2000 Conference Proceedings

Go to previous article 
Go to next article 
Return to 2000 Table of Contents


Document Reader for the Blind

Chieko Asakawa, Hironobu Takagi and Takashi Itoh
chie@jp.ibm.com, takagih@jp.ibm.com and JL03313@jp.ibm.com 
IBM Japan Ltd., Tokyo Research Laboratory
1624-14, Shimotsuruma, Yamato-shi, Kanagawa-ken 242-8502, Japan

Personal computers have played an important role in enabling the blind to access printed documents. Blind users can communicate with others by e-mail and can read and write electronic documents by using screen readers and other assistive technology software. These days, however, electronic documents are becoming increasingly visual, with various fonts, colors, and illustrations. In addition, their layouts are becoming more complex, since authors are paying more attention to visual appearance. These visual characteristics are making electronic documents increasingly inaccessible to blind users. They have a hard time reading such formatted documents with screen readers, and need to know how to operate a variety of applications just to read documents. Consequently, they tend to ask sighted people to provide documents in plain text format. However, automatic conversion of formatted documents into plain text format sometimes destroys the original logical structure. Sighted people therefore have to spend time checking whether the conversion was successful or not.

Another issue that affects blind users is the difficulty of using a screen reader to access presentation materials created by using software such as Lotus Freelance and MS PowerPoint(R).
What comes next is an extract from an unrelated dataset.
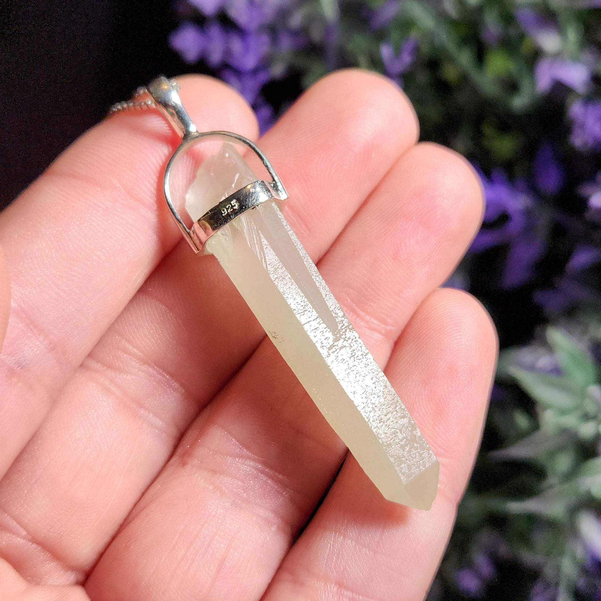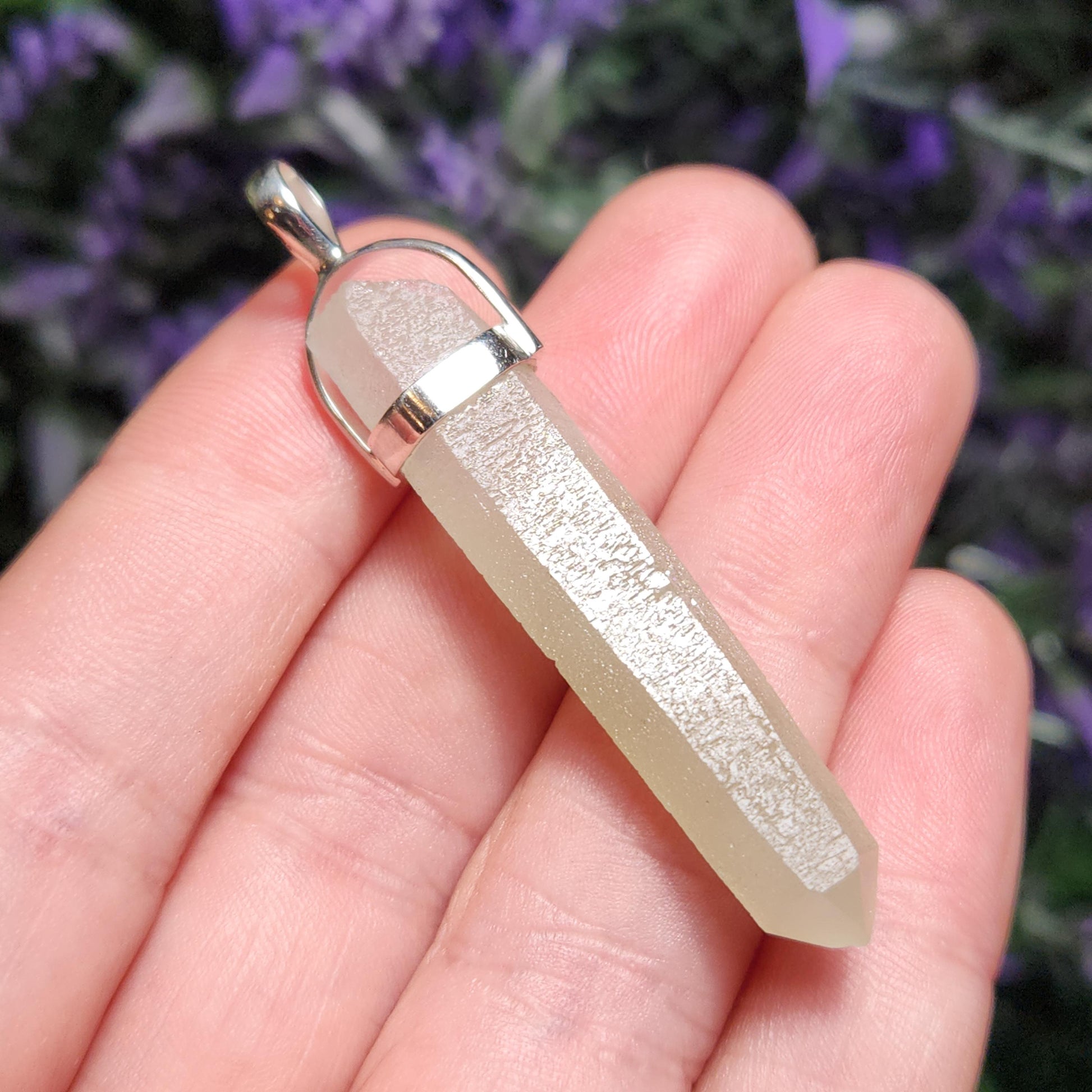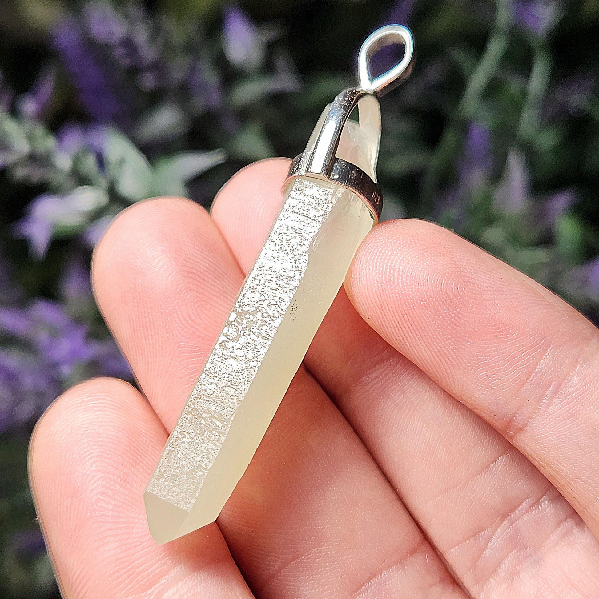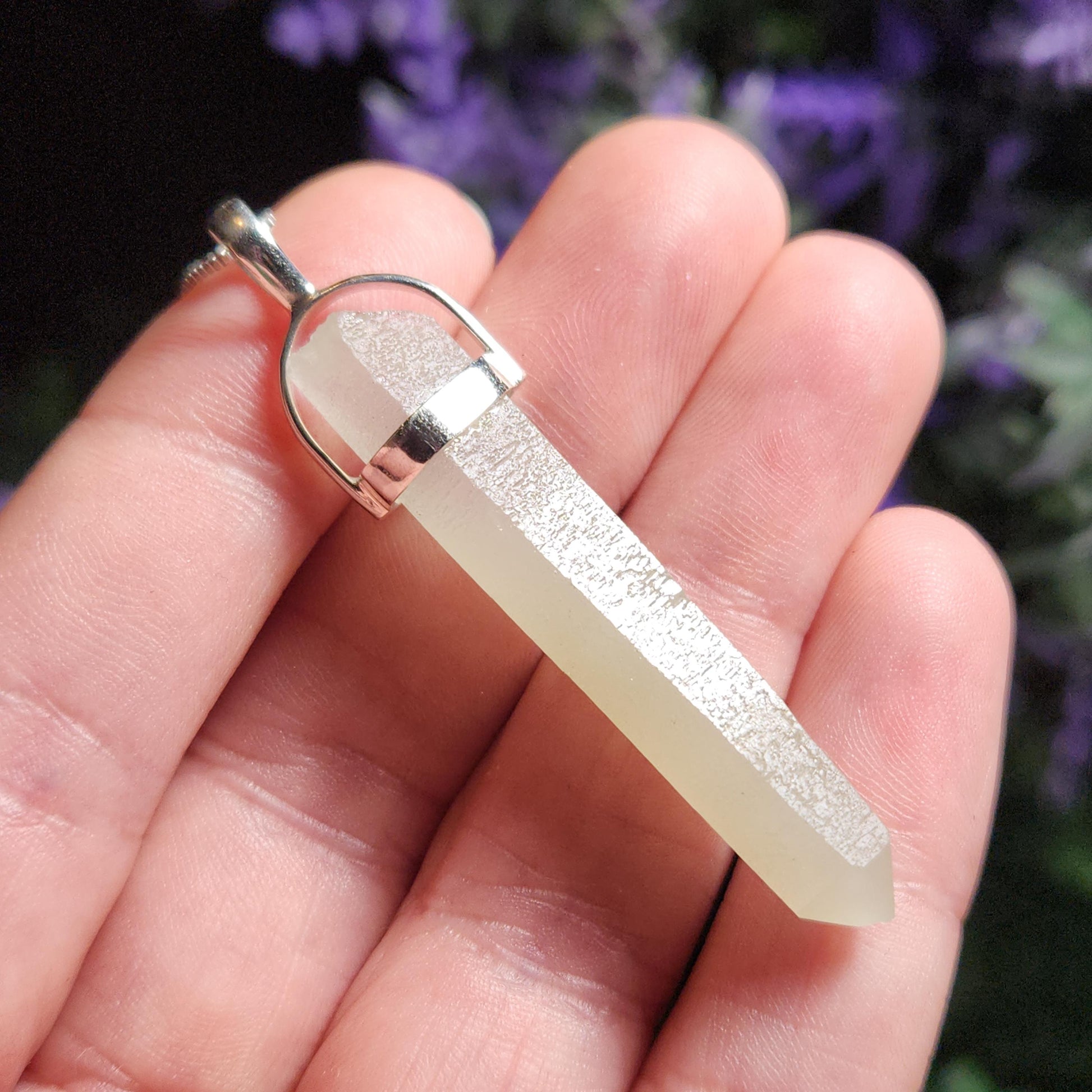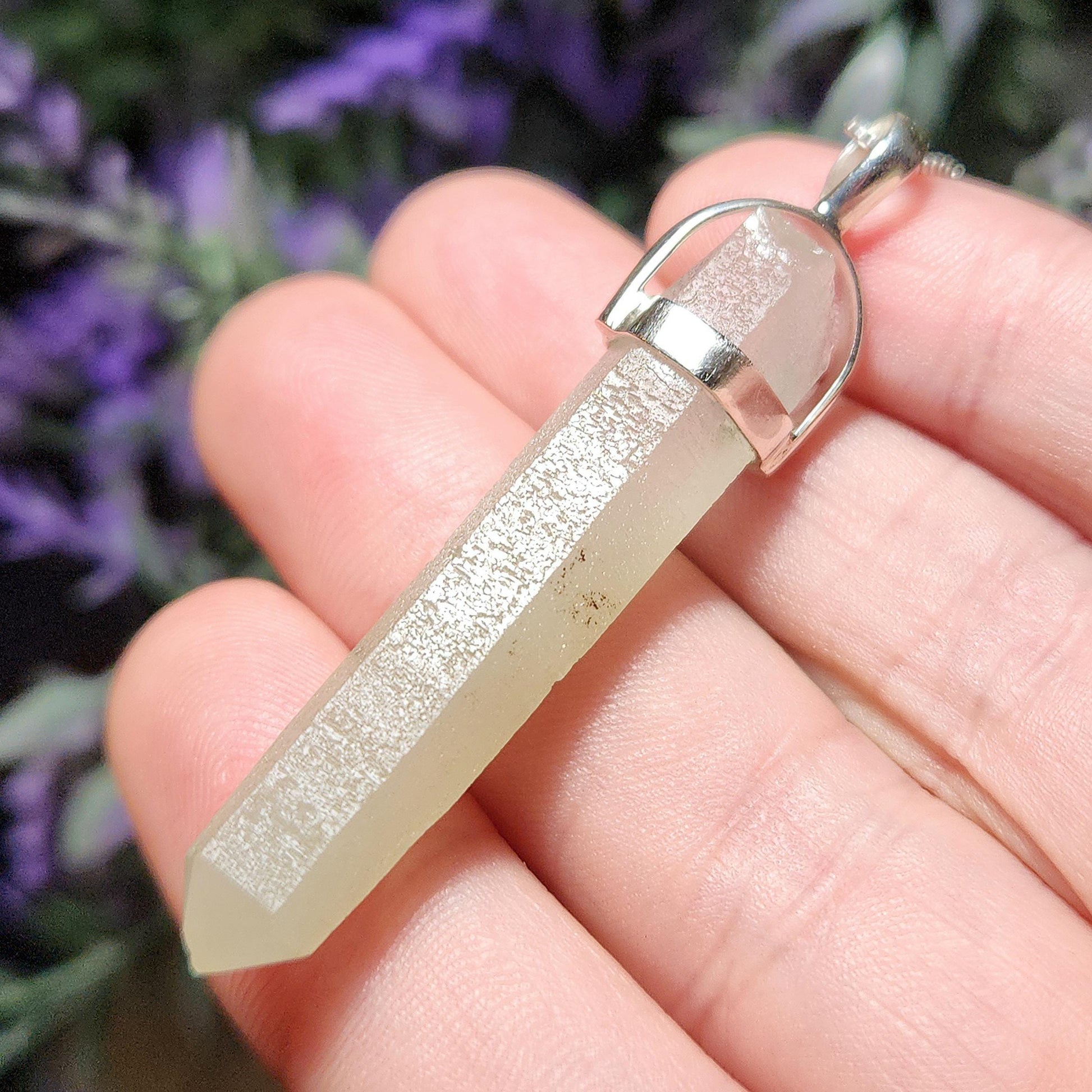 This Hedenbergite included Quartz is from a small lot from the classic Huanggong mine. This terminated crystal has a light sage green coloring with a lustrous, etched surface. This crystal has been custom created into sturdy piece of jewelry using .925 Sterling Silver. This pendant measures approximately 55mm by 11mm. The silver chain used in the photos is to help envision how this pendant will look while adorned but is not included in the listing.

They are often unable to include visual elements in their own presentations or to follow presentations given by others without assistance, because they cannot access presentation software designed for sighted people.

We therefore decided to develop a document reader to allow blind users to access various types of formatted document through a single user interface. Our system uses an object model of each application, so it can present the contents of a document without regard to its layout. The logical structure of the sentences can also be navigated, so it is easy to detect titles, headings, list items, paragraphs, sentences, and so on.

Since the user interface for navigating through a document is universal, users do not need to operate any word processors or presentation software to read formatted documents. In the following section, we will describe the user interface of our prototype document reader.

Overview of the system The figure above shows the structure of our document reader. Documents should be opened through Explorer. When a document is opened, it is listed in the document selector. The system uses a numeric keypad for command input. When the minus key is pressed, the document selector becomes active. The name of any document in the selector can be announced by pressing the up/down cursor key. When the Enter key is pressed, the document becomes ready for reading. Currently, our prototype system allows users to access MS Word (abb. Word) and Lotus WordPro(TM) (abb. Wordpro) as word processors and MS PowerPoint(R) (abb. Powerpoint) and Lotus Freelance (abb. Freelance) as presentation software.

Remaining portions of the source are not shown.